Error message failure
Error messages in the sandbox were API codes — not human-readable explanations. Developers were spending significant time cross-referencing error codes when clear error messaging would have resolved issues in seconds.
"I know what I want to build, but I don't know what PayPal calls it. So I'm just searching and hoping something matches."
— Participant, mid-level developer at a fintech startup
Building a research-enabled product organization
The Developer Portal redesign was the primary research output — but the more durable impact was on how PayPal's product organization used research at all.
Serving 10 product teams and 12 designers as a single embedded research partner meant I couldn't run every study myself. The choice was between being a bottleneck or building capacity. I chose the latter.
What research enablement looked like in practice
I ran a structured research mentorship program across the design and product org — working directly with UX designers, content designers, and PMs to build their ability to plan and run their own research, interpret findings, and distinguish between findings that warranted escalation and findings they could act on directly.

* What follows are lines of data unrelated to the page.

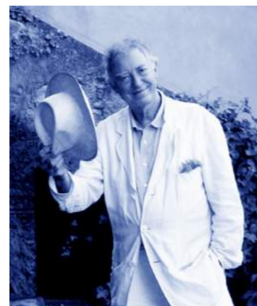
Jean-Michel Folon

Né à Bruxelles le 1 er mars 1934, Jean-Michel FOLON passe sa jeunesse en Belgique. Son père exerce la profession de marchand de papier, une ambiance que Folon gardera en mémoire: « C'est là que j'ai sans doute commencé à dessiner ». Folon décide très tôt qu'il sera illustrateur et dessinateur, mais son talent ne connaîtra pas de frontières . Peintre, aquarelliste, graveur, concepteur d'affiches, il réalise également des films et des dessins animés, crée des décors pour l'opéra et le théâtre, élabore des mosaïques et des vitraux... Il nous raconte avec son personnage, l'homme bleu, des histoires de liberté, de voyage et de rencontres . En 2000, il ouvre, dans le merveilleux parc Solvay, à La Hulpe, la Fondation qui porte son nom et qui présente plus de 500 œuvres. Folon est mort en 2005 en nous laissant ce fabuleux musée et des images pleines de rêves.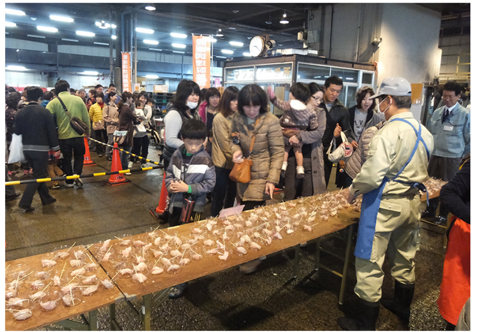
▲マダイとサワラの大試食会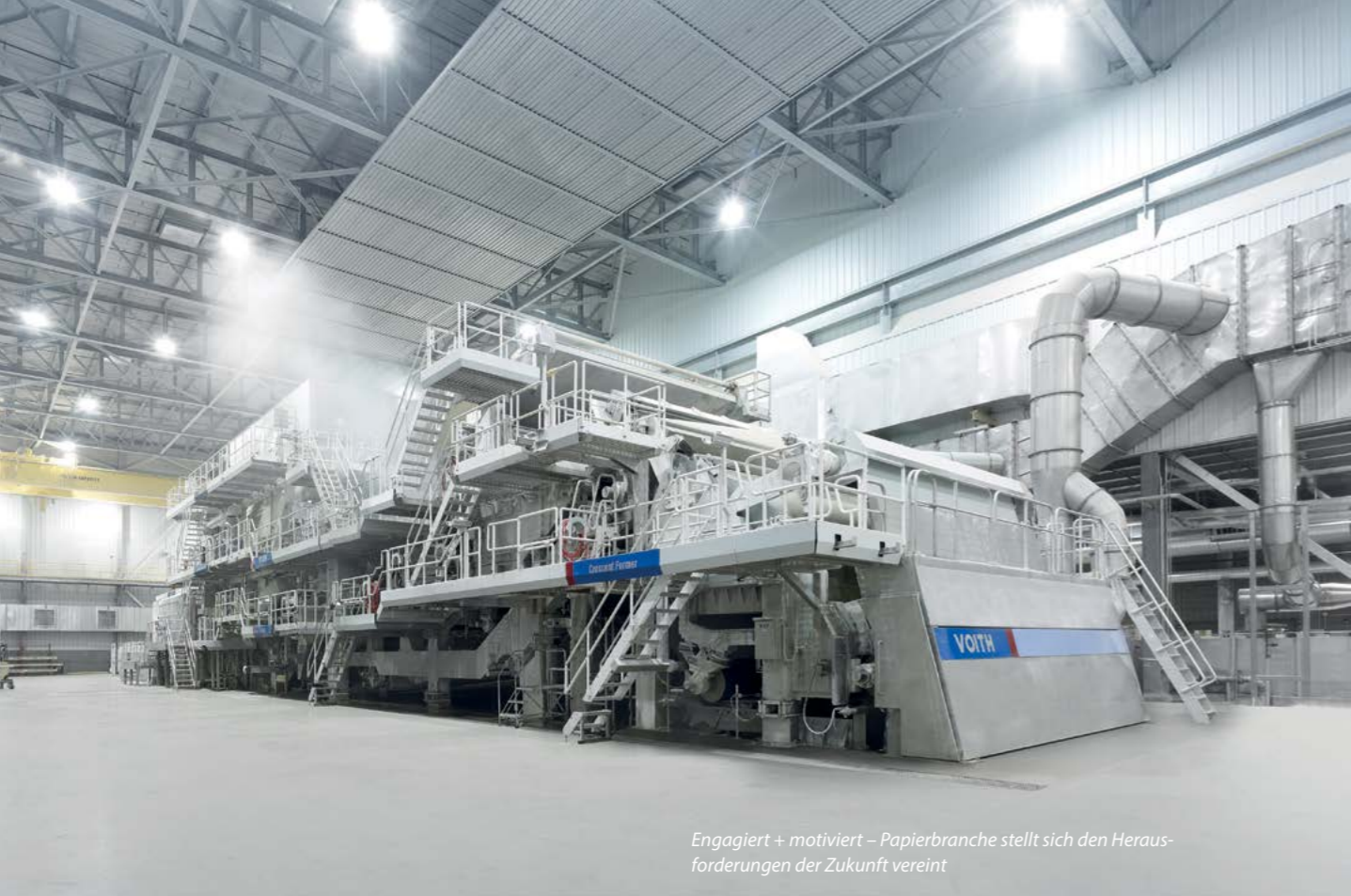
Engagiert + motiviert – Papierbranche stellt sich den Herausforderungen der Zukunft vereint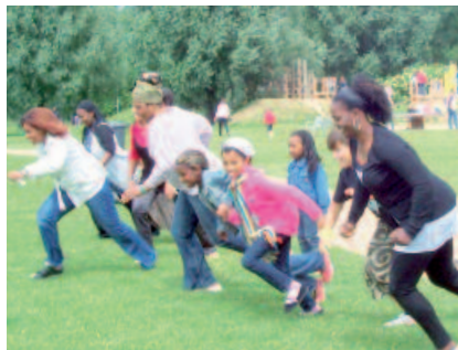
Das Projekt 'Interkulturelle Kompetenzen im Kindergarten' trägt zur Behebung von Kommunikationsproblemen zwischen Eltern und Erziehern bei.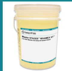
Seau de 5 gallons (19 l) SKU: WHMXXT-5G UPC-12: 641238069409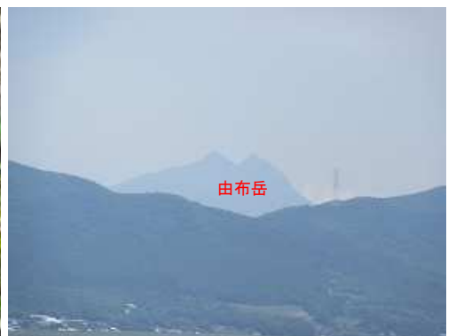
小にぎり山から由布岳を望む。

This wasn't just "how to run a usability test." It was teaching people to ask better questions — starting with the decision the research needed to inform, not the research method they thought they needed. That shift in framing changed the quality of the studies the team ran independently.
By the time I left PayPal, teams were regularly running their own discovery interviews and usability sessions — and bringing me in for synthesis and strategic framing rather than execution. Research had moved from a service function to a shared capability.
What I learned
Mental model mapping is underrated
The biggest problem in the Developer Portal wasn't any specific UI — it was the vocabulary mismatch between how PayPal named things and how developers thought about their work. Research that surfaces mental models is more valuable than research that just tests task completion.
Two-method studies earn more trust
Pairing field research (observational, naturalistic) with usability testing (controlled, measurable) gave the design team both the "why" and the "how bad" — the combination made the redesign recommendation much harder to push back on than either method alone.
Enablement scales; individual studies don't
The best thing a single embedded researcher can do in a large org is build other people's ability to do research. The studies I enabled others to run outlasted my direct involvement — and that multiplier effect is what makes research infrastructure valuable.
Research partnerships require mutual investment
Being embedded across 10 product teams meant building genuine working relationships with PMs and designers — not just delivering decks. The teams that got the most from research were the ones that brought me in early, not as a validator at the end.